ところで、前記従来の接続構造にあっては、通水管30の端部部分30aに膨出部30bを形成するために、内方から金属製のリング体31を拡径していたが、このリング体31の拡径には、非常に力を要し、この拡径作業は、大変面倒なものであった。また、通水管30の端部部分30aをリング体31により無理に拡径することで、止水部材35が密接する先端部30cが変形してしまい、止水部材35による止水が確実ではなくなる虞があった。
この発明は、上記した従来の欠点を解決するためになされたものであり、その目的とするところは、通水管を接続具に簡単に接続することができる、通水管の接続端部、通水管接続用の係合体、通水管接続用のコア部材、通水管体、通水管の接続構造、および通水管装置、並びに、前記接続端部に用いられる通水管の保護キャップ、および前記接続端部を形成する通水管の接続端部形成工具を提供することにある。
また、他の目的は、止水部材による止水を確実にすることができる、通水管の接続端部、通水管接続用の係合体、通水管接続用のコア部材、通水管体、通水管の接続構造、および通水管装置、並びに、前記接続端部に用いられる通水管の保護キャップ、および前記接続端部を形成する通水管の接続端部形成工具を提供することにある。
この発明は、前記目的を達成するために、次の構成からなる。すなわち、
請求項1に記載の発明に係る通水管の接続端部は、筒状のインコア部が設けられた接続具に合成樹脂製の通水管を接続するために、前記接続具の受口に挿入される、接続端部であって、前記通水管の端部部分と、前記端部部分に挿入された筒状のコア部材と、前記端部部分が前記受口に対して抜け止めされるよう、その受口に設けられる係止手段と係合可能な、係合体とを備える。ここで、前記コア部材は、前記端部部分における、前記インコア部が挿入されて外周面または内周面に止水部材が密接するための端部部分先端部よりも後方の、端部部分後部に挿入されている。そして、前記係合体は、前記端部部分後部の外周部に、その端部部分後部を前記コア部材とで挟持するように嵌め込まれている。
こうして、係合体は、通水管の端部部分における、インコア部が挿入されて止水部材が密接する端部部分先端部よりも後方の、端部部分後部の外周部に、コア部材とで端部部分後部を挟持するように嵌め込まれることで、この端部部分に固定される。そして、この係合体が固定された端部部分、すなわち接続端部を、接続具の受口に挿入し、その受口に設けられる係止手段と係合体とを係合させることで、通水管を接続具に簡単に接続することができる。しかも、コア部材と係合体とが端部部分後部を挟持することで、係合体が端部部分に固定されるため、端部部分への係合体の固定にあたって、止水部材が密接する端部部分先端部の変形を避けることができる。その上、端部部分先端部に、接続具に設けられたインコア部が挿入されることで、そのインコア部が、端部部分先端部の、潰れによる変形を防ぐ。

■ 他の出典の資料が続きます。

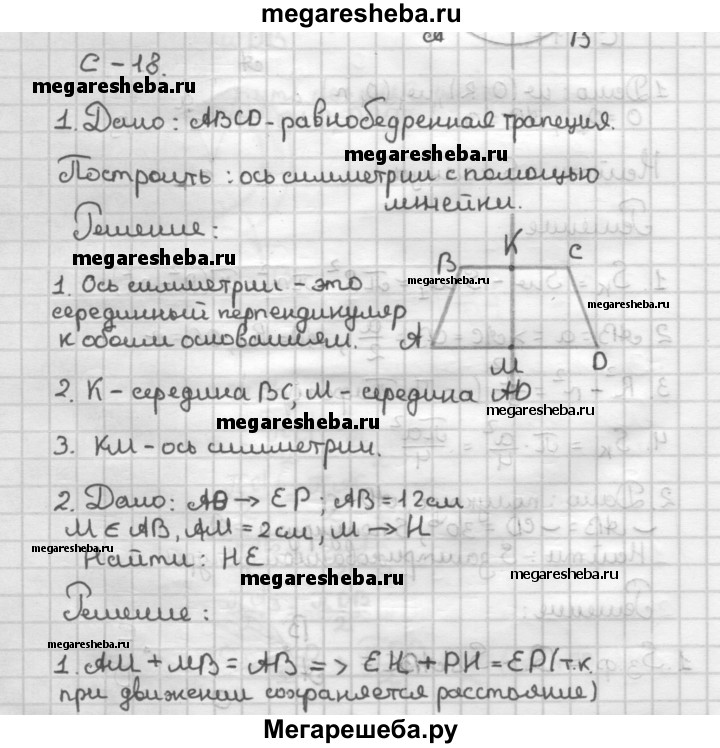 С—18 1. При помощи одной линейки постройте ось симметрии равнобедренной трапеции. 2. При некотором движении отрезок АВ отображается на отрезок ЕР, АВ = 12 см. Точка М принадлежит отрезку АВ, AM - 2 см. Точка М отображается на точку Н. Найдите НЕ.
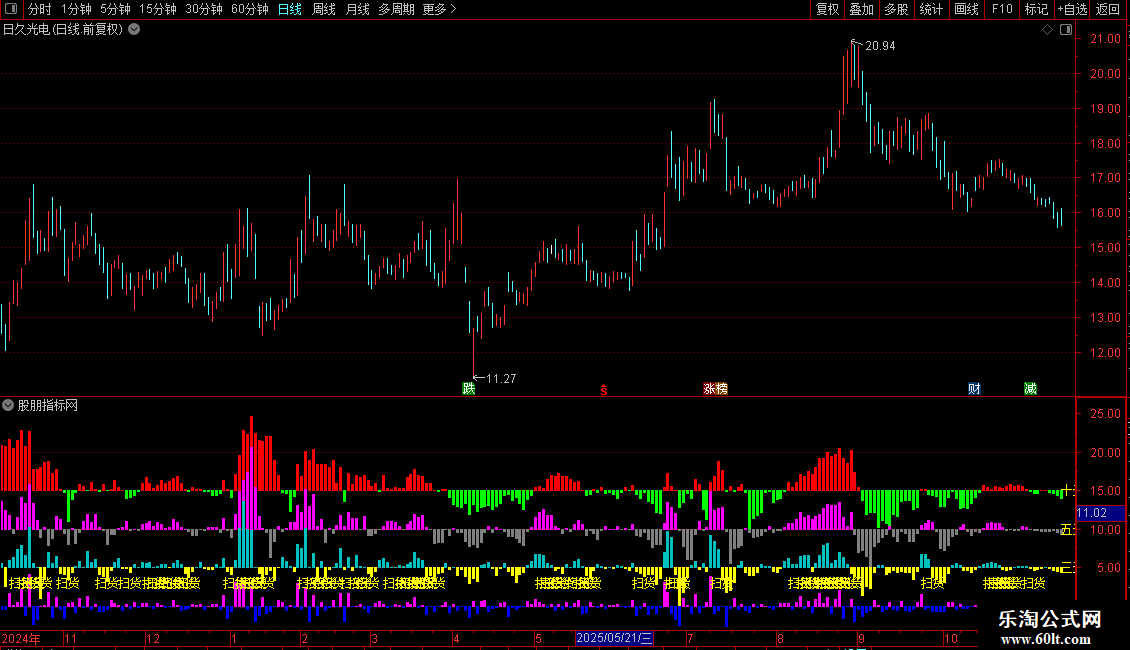 DRAWTEXT(ISLASTBAR=1,IF(VAR23>=0,0,0),'一天'),COLORYELLOW;
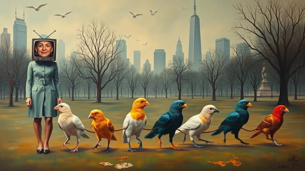 This image depicts a surreal city park scene featuring individuals with television heads showing their faces, walking colorful birds on leashes. The scene is set against a melting, matte background, characteristic of surrealist art.

また、請求項2に記載の発明に係る通水管の接続端部は、請求項1に記載の接続端部において、前記係合体は、割リングと筒状の本体リングとから構成される。ここで、割リングは、切割部を有して断面C字状に形成されて、前記端部部分後部の外周部に嵌め込まれる。一方、本体リングは、前記割リングの外周部に嵌め込まれて、その割リングが前記端部部分後部を圧接するようにその割リングを縮径させるとともにその縮径状態を維持する。
また、請求項3に記載の発明に係る通水管の接続端部は、請求項2に記載の接続端部において、前記割リングの軸方向の長さは、前記本体リングの軸方向の長さよりも短く形成されている。このように、割リングを本体リングよりも短く形成することにより、その長さの差で、各部品の公差とか、通水管内部の水圧によって割リングが通水管とともに後方に移動する移動量とかを吸収することができる。したがって、割リングが後方の係止手段に当たるのを防いだり、あるいは、その係止手段への当たりを和らげたりでき、このため、割リングの破損を防ぐことができる。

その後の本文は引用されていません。